OvoDiFerro teneva davanti a sé la mazza ferrata dal manico ricoperto di cuoio, e in mano un balestrino che sparava dardi velocissimi, e riusciva a trafiggere un uomo a cinquanta passi. Marollo il suo spadone: per lui, armi come il balestrino erano adatte solo a deboli e codardi. Mai, ne avrebbe usata una. Mai.

Non dovettero aspettare molto: le ombre dei castagni si erano ristrette di un palmo quando dal fondo della strada venne un rumore di ruote ferrate. Da una curva uscì un giovane che portava un palo con appesa una bandierina verde. Dietro di lui, pochi soldati dai mantelli rossi, vestiti con corte tuniche mal tenute, circondavano un carro chiuso trainato da due buoi.

“Rosso e verde. Ci siamo,” disse OvoDiFerro. “Tieni strette le budella, biondo.

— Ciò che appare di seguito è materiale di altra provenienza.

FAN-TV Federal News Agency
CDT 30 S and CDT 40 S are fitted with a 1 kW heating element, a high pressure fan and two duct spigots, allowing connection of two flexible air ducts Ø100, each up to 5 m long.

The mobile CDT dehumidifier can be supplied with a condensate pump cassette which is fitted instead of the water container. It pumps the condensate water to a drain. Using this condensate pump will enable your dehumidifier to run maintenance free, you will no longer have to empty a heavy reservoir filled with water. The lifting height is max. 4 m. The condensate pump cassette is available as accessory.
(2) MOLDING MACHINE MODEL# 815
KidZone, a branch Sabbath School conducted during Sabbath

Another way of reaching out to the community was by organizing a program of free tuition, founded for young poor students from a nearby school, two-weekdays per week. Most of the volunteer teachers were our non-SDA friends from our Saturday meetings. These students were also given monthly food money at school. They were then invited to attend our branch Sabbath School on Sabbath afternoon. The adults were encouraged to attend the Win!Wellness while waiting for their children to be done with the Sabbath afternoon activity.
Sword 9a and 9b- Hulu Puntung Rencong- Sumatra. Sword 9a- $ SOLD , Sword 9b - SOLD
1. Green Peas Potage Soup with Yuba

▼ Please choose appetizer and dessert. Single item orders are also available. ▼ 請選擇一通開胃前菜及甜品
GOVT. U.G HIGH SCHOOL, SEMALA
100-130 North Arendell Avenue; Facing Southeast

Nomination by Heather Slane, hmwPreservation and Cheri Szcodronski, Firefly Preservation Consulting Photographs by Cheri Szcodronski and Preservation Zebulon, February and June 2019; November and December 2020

E’ ora di guadagnarci la paga.”

Attesero che i soldati fossero vicini, approfittando per saggiarne le potenzialità. Nessuno pareva particolarmente forte, a parte un gigante nubiano che procedeva facendo dondolare un’ascia bipenne come fosse uno stecco Procedevano lenti, provati dal caldo. Quello con la bandierina era in testa, uno stava alla guida del carro, quattro davanti ai buoi, due ai lati della vettura – tra cui il nubiano – e due in fondo. In tutto, dieci.

Non appena vennero superati dall’ultimo soldato, OvoDiFerro alzò il balestrino, prese la mira e fece partire un dardo. Fu un attimo: l’ultimo uomo a destra del carro lasciò cadere la lancia e cadde a piombo. Il suo compagno, spaventato, si guardò intorno e aprì la bocca per urlare.

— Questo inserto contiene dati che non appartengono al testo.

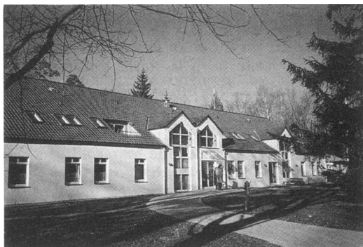
Rehabilitation unit: Der Ludwig Steil Hof, Espelkamp.

Areas of clinical concern in Germany differ from those preoccupying British psychiatrists. There is currently a review of the forensic psychiatry service following the recent attempted murder of two leading politicians and there is grave concern over an increasing alcohol problem among women. Benzodiazepine dependence, which has become such an issue for us working in the United Kingdom in the last ten years, is not seen as a problem in Germany. This may well be because of the lack of out-patient services and follow-up, and the psychological consequences of sexual abuse are not seen as a major problem by German psychiatrists, who view sexual abuse in terms of Freudian fantasy. Although AIDS is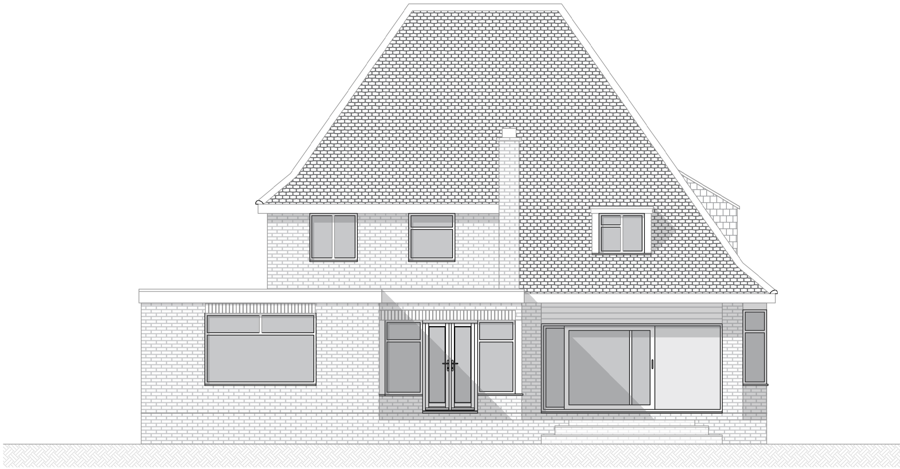
Proposed North Elevation @ 1:50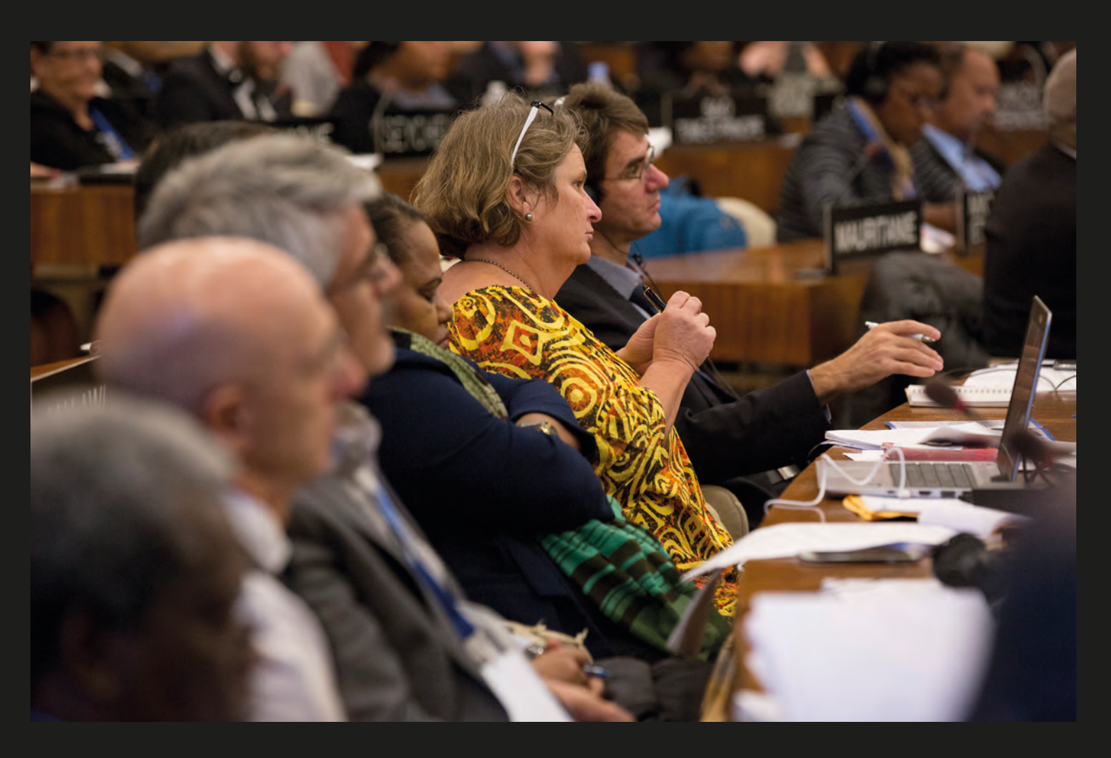
4^{\text{th}} Interregional Meeting of the National Commissions that took place on 27 October 2017 at UNESCO Headquarters in Paris.

Non ne ebbe il tempo: OvoDiFerro uscì dai cespugli e gli abbatté la mazza sul cranio, fracassandoglielo. Dietro di lui veniva Marollo, correndo con la bastarda tenuta a due mani e puntata in avanti. Con un sol colpo infilò la lama tra due assi del carro, caricando il peso sulle ginocchia e facendola penetrare fin quasi al forte. Dall’interno della vettura venne un muggito profondo, come il lamento di una vacca in agonia, che lo divertì.

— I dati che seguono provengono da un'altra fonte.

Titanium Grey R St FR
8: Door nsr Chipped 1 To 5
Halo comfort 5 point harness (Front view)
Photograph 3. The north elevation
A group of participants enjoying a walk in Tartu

OvoDiFerro era già corso avanti. Si spostò a destra, abbatté senza difficoltà il milite di guardia e avanzò verso i quattro in testa. Marollo capì che aveva voluto lasciare a lui il nubiano, e rise forte. Quando il nero lo vide, però, invece di attaccare spalancò gli occhi e arretrò, superstizioso come tutta la sua gente. Marollo ghignò, soddisfatto: era la prima volta che putrefarsi gli tornava utile. Si aspettava comunque uno scontro, e un po’ lo temeva; ma quando il nero lo vide snudare i denti, emettendo bave sanguinolente dal volto scarnificato, strillò e scappò verso il bosco, scomparendo tra i cespugli.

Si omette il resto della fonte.